2. The apparatus of claim 1, wherein the inter-channel relation information comprises information on a level difference between channels of the stereo audio signal and information on a phase difference between channels.

3. The apparatus of claim 2, wherein the inter-channel relation information further comprises inter-channel correlation information of the stereo audio signal.

4. The apparatus of claim 1, wherein the center channel signal is generated by performing an inverse spectrogram using the center channel elements, and the surround channel signal is generated by performing an inverse spectrogram using the surround elements.

5. The apparatus of claim 1, wherein the judgment unit determines that the detected section is a speech section when an energy value in a section, which is detected as the speech section on the basis of the energy value of the center channel signal for each frame, is greater than the threshold.

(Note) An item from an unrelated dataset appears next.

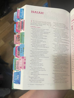 Organize your Bible with 105 laminated tabs and 80 faith stickers. Designed for quick navigation, elegant style, and effortless application.

6. A method of detecting a speech/non-speech section by a speech/non-speech section detection apparatus, the method comprising:

obtaining inter-channel relation information of a stereo audio signal;

generating a center channel signal composed of center channel elements and a surround channel signal composed of surround elements on the basis of the inter-channel relation information;

calculating an energy ratio value between the center channel signal and the surround channel signal, for each frame, and an energy ratio value between the stereo audio signal and a mono signal generated on the basis of the stereo audio signal; and

detecting a speech section and a non-speech section from the stereo audio signal by comparing the energy ratio values.

7. The method of claim 6, wherein the inter-channel relation information comprises information on a level difference between channels of the stereo audio signal and information on a phase difference between channels.

8. The method of claim 7, wherein the inter-channel relation information further comprises inter-channel correlation information of the stereo audio signal.

9. The method of claim 6, after the obtaining, further comprising:

classifying each element of the stereo audio signal into a center channel element and a surround element on the basis of the inter-channel relation information.

10. The method of claim 6, wherein the generating comprises:

generating the center channel signal by performing an inverse spectrogram using the center channel elements; and

generating the surround channel signal by performing an inverse spectrogram using the surround elements.

11. The method of claim 6, wherein the calculating comprises:

calculating an energy ratio value between the center channel signal and the surround channel signal, for each frame, and an energy ratio value between the center channel signal and the surround channel signal, for each frame, on the basis of the energy value of the center channel signal and the surround channel signal, for each frame; and

calculating an energy value of the stereo audio signal and a mono signal which is generated on the basis of the stereo audio signal, for each frame, and an energy ratio value between the mono signal and the stereo audio signal, for each frame, on the basis of the energy value of the mono signal and the stereo audio signal, for each frame.

12. The method of claim 6, wherein the determining comprises:

determining that the detected section is a speech section when an energy value in a section, which is detected as the speech section on the basis of the energy value of the center channel signal for each frame, is greater than the threshold, and determining that the detected section is a non-speech section when the energy value is the threshold or less.